Problem
Solution
This is one of the lowest-rated problems I have encountered thus far.. Let’s see if it lives up to its reputation!
As stated in the description, we are given two files: the ciphertext and the encoder that produced it. The ciphertext is as follows:
DLSeGAGDgBNJDQJDCFSFnRBIDjgHoDFCFtHDgJpiHtGDmMAQFnRBJKkBAsTMrsPSDDnEFCFtIbEDtDCIbFCFtHTJDKerFldbFObFCFtLBFkBAAAPFnRBJGEkerFlcPgKkImHnIlATJDKbTbFOkdNnsgbnJRMFnRBNAFkBAAAbrcbTKAkOgFpOgFpOpkBAAAAAAAiClFGIPFnRBaKliCgClFGtIBAAAAAAAOgGEkImHnIl
And the encoder, convert.py
:
import sys
chars = ""
from fileinput import input
for line in input():
chars += line
lookup1 = "\n \"#()*+/1:=[]abcdefghijklmnopqrstuvwxyz"
lookup2 = "ABCDEFGHIJKLMNOPQRSTabcdefghijklmnopqrst"
out = ""
prev = 0
for char in chars:
cur = lookup1.index(char)
out += lookup2[(cur - prev) % 40]
prev = cur
sys.stdout.write(out)
This is just a simple cyclical substitution cipher (and we’re given the lookup tables already) so reversing this is quite trivial: simply repeat the steps but flip the lookup and arithmetic operations. My script is as follows:
lookup1 = "\n \"#()*+/1:=[]abcdefghijklmnopqrstuvwxyz"
lookup2 = "ABCDEFGHIJKLMNOPQRSTabcdefghijklmnopqrst"
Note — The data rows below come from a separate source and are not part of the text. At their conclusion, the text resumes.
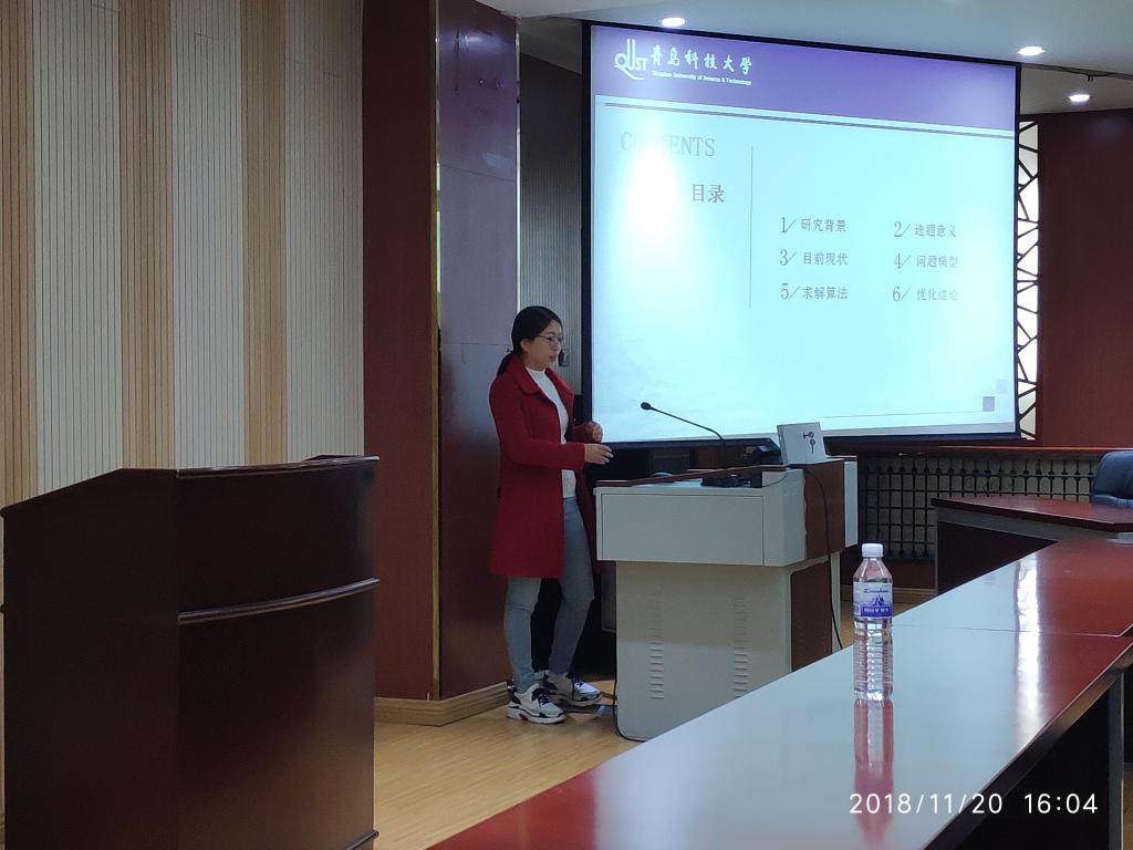 随后,公司物流管理系王艳婷博士分享了其目前的一篇研究论文《随机动态环境下项目进度计划与控制》。王博士从研究背景、选题意义、目前现状、问题模型、求解算法和优化结论六个方面具体阐述了研究主题。王博士认为采用前摄-反映的调度方式制定项目计划非常有必要,一方面可以监控项目计划实施的情况,另一方面又可以提高基准进度抗风险的能力,提高资源运用效率。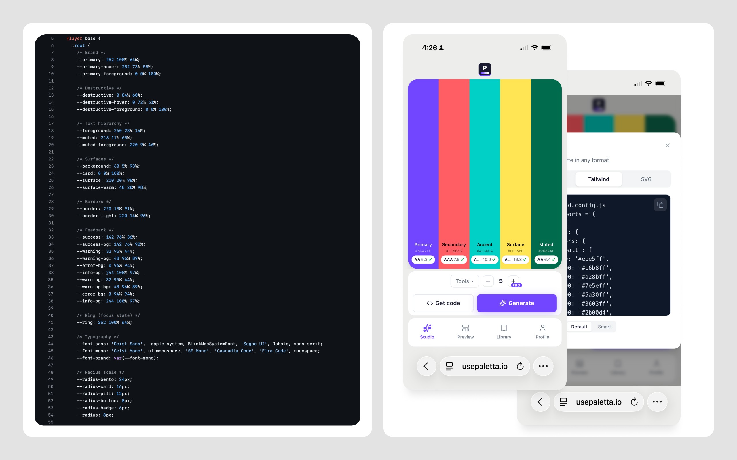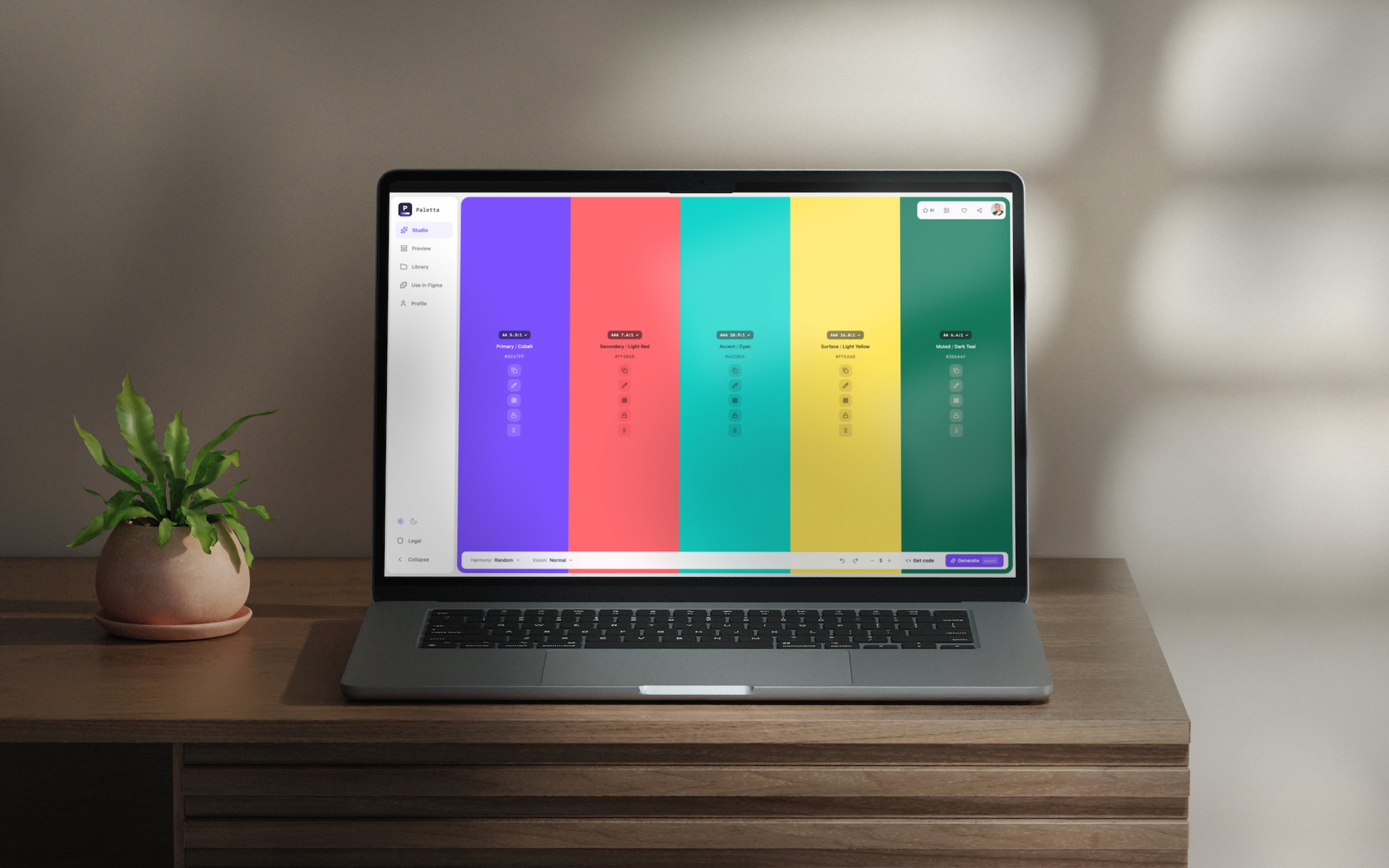 Paletta is a color system tool built for designers and frontend engineers who need to move from inspiration to production without losing anything in the handoff. It handles palette generation, full shade scales, WCAG validation, vision simulation, and Tailwind CSS export. The Figma plugin brings it directly into the design workflow.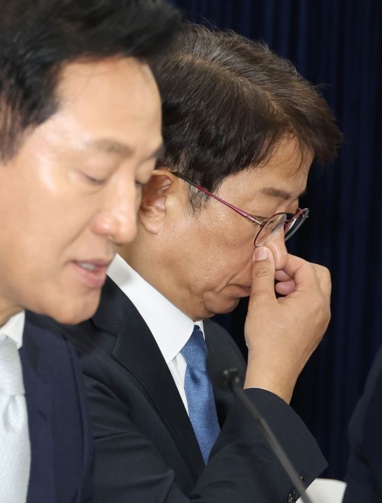 박상우 국토교통부 장관이 19일 서울 종로구 정부서울청사에서 부동산 규제, 금융, 투기거래 등 주택시장 안정화 방안 관련 합동 브리핑에 참석, 생각에 잠겨 있다. 이날 브리핑에는 오세훈 서울시장, 김범석 기재부차관, 김소영 금융위부위원장이 참석했다.

with open("ciphertext", "r") as f:
c = f.read()
flag = ""
prev = 0
for i in c:
cur = (lookup2.index(i) + prev) % 40
flag += lookup1[cur]
prev = cur
print(flag)
After running this, I expected the flag, but instead, received the following output in my terminal:
#asciiorder
#fortychars
#selfinput
#pythontwo
chars = ""
from fileinput import input
for line in input():
chars += line
b = 1 / 1
for i in range(len(chars)):
if i == b * b * b:
print chars[i] #prints
b += 1 / 1
So it seems that the plaintext is actually a Python2 script! I piped this into a file named convert2.py
, then reproduced and modified the logic in a separate (Python3) script which I then ran on the ciphertext
.
with open("ciphertext", "r") as f:
c = f.read()
b = 1
flag = ""
for i in range(len(c)):
if i == b * b * b:
flag += c[i]
b += 1
print(f"picoCTF{{{flag}}}")
This yielded some gibberish that was clearly not the flag. Weird. We were only given one ciphertext, so what now? I pondered for a moment before remembering the peculiar comments at the top of convert2.py
:
#asciiorder
#fortychars
#selfinput
#pythontwo
In particular, the #selfinput
comment gave me the idea to use the Python2 script itself as input. So I did exactly that:
with open("convert2.py", "r") as f:
c = f.read()
b = 1
flag = ""
for i in range(len(c)):
if i == b * b * b:
flag += c[i]
b += 1
print(f"picoCTF{{{flag}}}")
Finally, the output was a coherent word, and according to picoCTF, the correct flag.
Reflection
I don’t think this challenge deserves the 32% rating it has currently. It wasn’t particularly difficult, frustrating, or time consuming (it took me maybe 10 minutes?).